### TASK ITEM
The listing is to be returned word for word, without its images.

### INFORMATION SHOWN
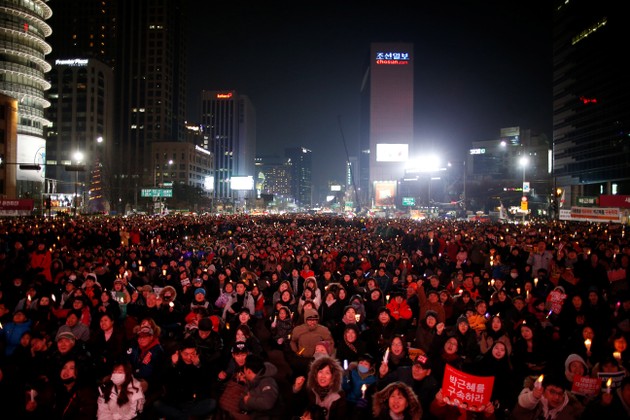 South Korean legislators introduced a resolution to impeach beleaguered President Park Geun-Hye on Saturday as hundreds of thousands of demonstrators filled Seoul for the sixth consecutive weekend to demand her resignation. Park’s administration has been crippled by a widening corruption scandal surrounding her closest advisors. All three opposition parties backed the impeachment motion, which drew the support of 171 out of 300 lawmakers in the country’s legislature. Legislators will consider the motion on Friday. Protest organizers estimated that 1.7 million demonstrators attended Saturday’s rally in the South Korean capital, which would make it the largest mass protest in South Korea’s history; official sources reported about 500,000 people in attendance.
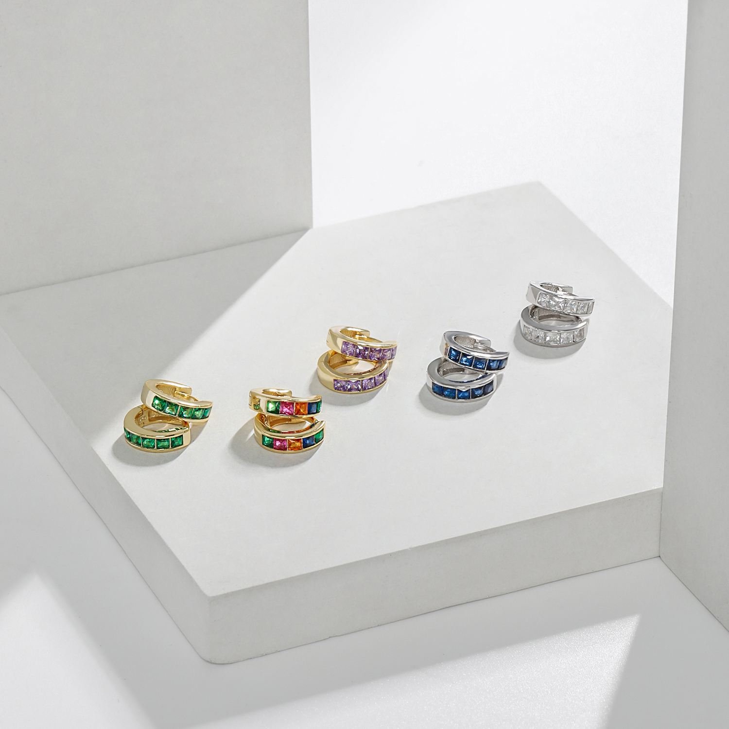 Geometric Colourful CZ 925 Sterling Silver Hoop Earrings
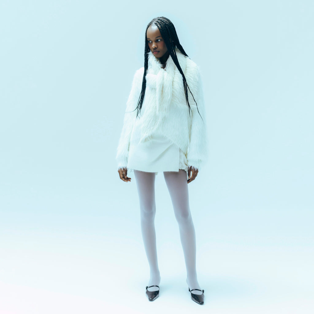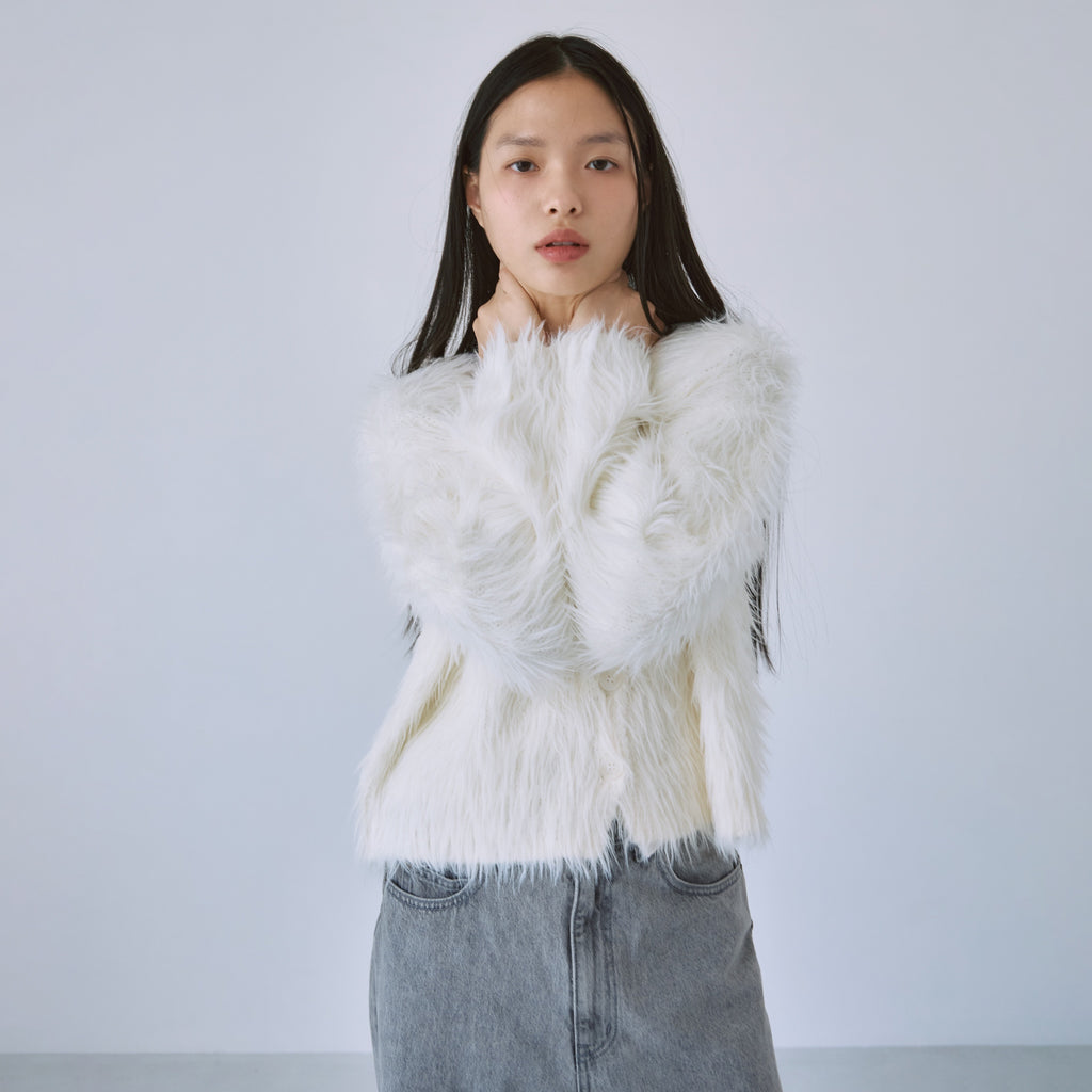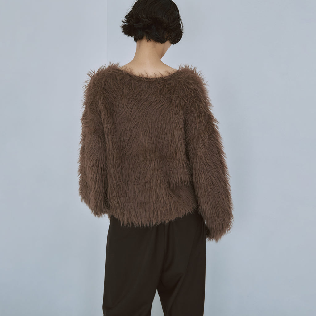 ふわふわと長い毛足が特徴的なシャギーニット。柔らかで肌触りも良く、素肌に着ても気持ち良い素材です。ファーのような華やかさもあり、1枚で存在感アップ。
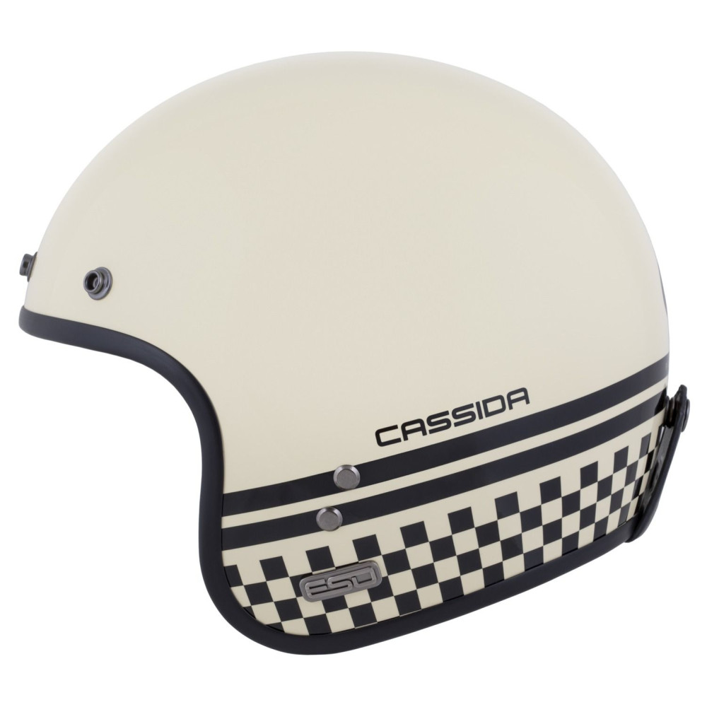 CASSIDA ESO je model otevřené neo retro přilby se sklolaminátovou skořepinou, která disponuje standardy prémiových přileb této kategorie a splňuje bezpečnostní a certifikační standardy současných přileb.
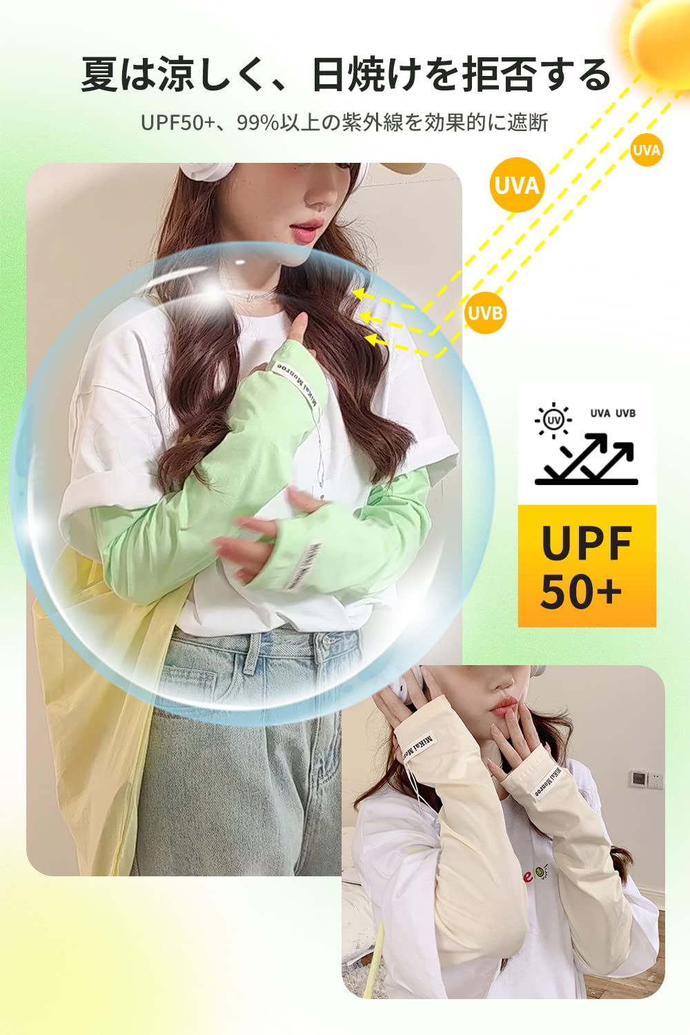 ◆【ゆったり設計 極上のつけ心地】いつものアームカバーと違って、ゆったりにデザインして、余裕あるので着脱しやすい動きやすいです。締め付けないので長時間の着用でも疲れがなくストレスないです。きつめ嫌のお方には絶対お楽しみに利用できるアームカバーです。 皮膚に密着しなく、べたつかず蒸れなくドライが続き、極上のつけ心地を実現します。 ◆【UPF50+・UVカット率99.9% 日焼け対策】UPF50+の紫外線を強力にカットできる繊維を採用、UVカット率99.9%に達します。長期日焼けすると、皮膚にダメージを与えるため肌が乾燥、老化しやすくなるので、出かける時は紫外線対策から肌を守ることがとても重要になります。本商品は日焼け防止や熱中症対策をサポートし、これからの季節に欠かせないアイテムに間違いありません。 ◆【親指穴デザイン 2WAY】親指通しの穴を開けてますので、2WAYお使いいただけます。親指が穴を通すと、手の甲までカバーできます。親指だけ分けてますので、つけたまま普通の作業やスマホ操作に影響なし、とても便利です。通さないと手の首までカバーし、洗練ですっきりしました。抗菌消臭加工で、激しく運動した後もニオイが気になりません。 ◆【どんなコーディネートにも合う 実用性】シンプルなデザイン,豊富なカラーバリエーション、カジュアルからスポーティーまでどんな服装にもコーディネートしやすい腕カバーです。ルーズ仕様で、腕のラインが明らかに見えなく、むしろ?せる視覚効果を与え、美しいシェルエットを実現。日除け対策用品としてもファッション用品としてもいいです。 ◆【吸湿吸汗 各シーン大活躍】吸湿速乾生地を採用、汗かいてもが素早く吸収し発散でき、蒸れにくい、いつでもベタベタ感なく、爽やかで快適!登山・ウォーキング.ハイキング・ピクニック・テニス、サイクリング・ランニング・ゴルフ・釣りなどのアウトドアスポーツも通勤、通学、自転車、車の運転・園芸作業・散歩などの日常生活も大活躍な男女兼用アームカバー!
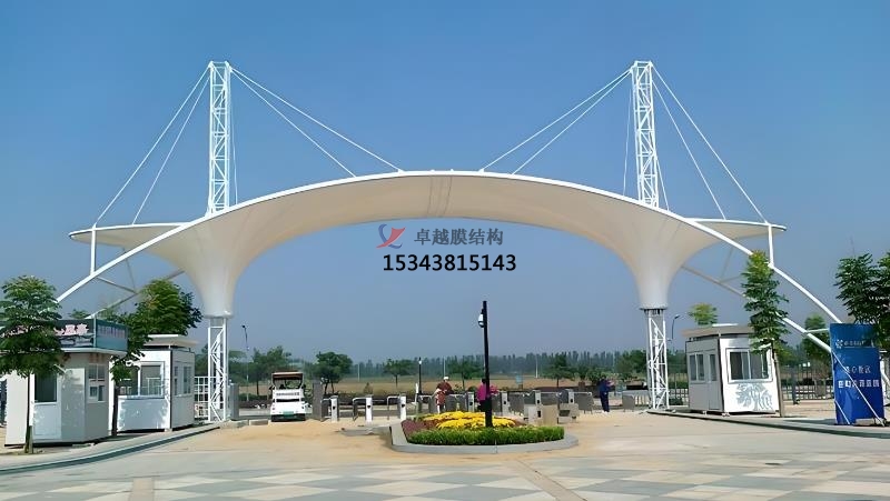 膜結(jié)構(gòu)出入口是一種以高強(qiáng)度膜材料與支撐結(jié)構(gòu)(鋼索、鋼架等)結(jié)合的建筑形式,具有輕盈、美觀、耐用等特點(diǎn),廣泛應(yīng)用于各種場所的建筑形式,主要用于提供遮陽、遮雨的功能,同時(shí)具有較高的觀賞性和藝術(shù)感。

### OUTPUT BELOW
 South Korean legislators introduced a resolution to impeach beleaguered President Park Geun-Hye on Saturday as hundreds of thousands of demonstrators filled Seoul for the sixth consecutive weekend to demand her resignation. Park’s administration has been crippled by a widening corruption scandal surrounding her closest advisors. All three opposition parties backed the impeachment motion, which drew the support of 171 out of 300 lawmakers in the country’s legislature. Legislators will consider the motion on Friday. Protest organizers estimated that 1.7 million demonstrators attended Saturday’s rally in the South Korean capital, which would make it the largest mass protest in South Korea’s history; official sources reported about 500,000 people in attendance.
 Geometric Colourful CZ 925 Sterling Silver Hoop Earrings
 ふわふわと長い毛足が特徴的なシャギーニット。柔らかで肌触りも良く、素肌に着ても気持ち良い素材です。ファーのような華やかさもあり、1枚で存在感アップ。
 CASSIDA ESO je model otevřené neo retro přilby se sklolaminátovou skořepinou, která disponuje standardy prémiových přileb této kategorie a splňuje bezpečnostní a certifikační standardy současných přileb.
 ◆【ゆったり設計 極上のつけ心地】いつものアームカバーと違って、ゆったりにデザインして、余裕あるので着脱しやすい動きやすいです。締め付けないので長時間の着用でも疲れがなくストレスないです。きつめ嫌のお方には絶対お楽しみに利用できるアームカバーです。 皮膚に密着しなく、べたつかず蒸れなくドライが続き、極上のつけ心地を実現します。 ◆【UPF50+・UVカット率99.9% 日焼け対策】UPF50+の紫外線を強力にカットできる繊維を採用、UVカット率99.9%に達します。長期日焼けすると、皮膚にダメージを与えるため肌が乾燥、老化しやすくなるので、出かける時は紫外線対策から肌を守ることがとても重要になります。本商品は日焼け防止や熱中症対策をサポートし、これからの季節に欠かせないアイテムに間違いありません。 ◆【親指穴デザイン 2WAY】親指通しの穴を開けてますので、2WAYお使いいただけます。親指が穴を通すと、手の甲までカバーできます。親指だけ分けてますので、つけたまま普通の作業やスマホ操作に影響なし、とても便利です。通さないと手の首までカバーし、洗練ですっきりしました。抗菌消臭加工で、激しく運動した後もニオイが気になりません。 ◆【どんなコーディネートにも合う 実用性】シンプルなデザイン,豊富なカラーバリエーション、カジュアルからスポーティーまでどんな服装にもコーディネートしやすい腕カバーです。ルーズ仕様で、腕のラインが明らかに見えなく、むしろ?せる視覚効果を与え、美しいシェルエットを実現。日除け対策用品としてもファッション用品としてもいいです。 ◆【吸湿吸汗 各シーン大活躍】吸湿速乾生地を採用、汗かいてもが素早く吸収し発散でき、蒸れにくい、いつでもベタベタ感なく、爽やかで快適!登山・ウォーキング.ハイキング・ピクニック・テニス、サイクリング・ランニング・ゴルフ・釣りなどのアウトドアスポーツも通勤、通学、自転車、車の運転・園芸作業・散歩などの日常生活も大活躍な男女兼用アームカバー!
 膜結(jié)構(gòu)出入口是一種以高強(qiáng)度膜材料與支撐結(jié)構(gòu)(鋼索、鋼架等)結(jié)合的建筑形式,具有輕盈、美觀、耐用等特點(diǎn),廣泛應(yīng)用于各種場所的建筑形式,主要用于提供遮陽、遮雨的功能,同時(shí)具有較高的觀賞性和藝術(shù)感。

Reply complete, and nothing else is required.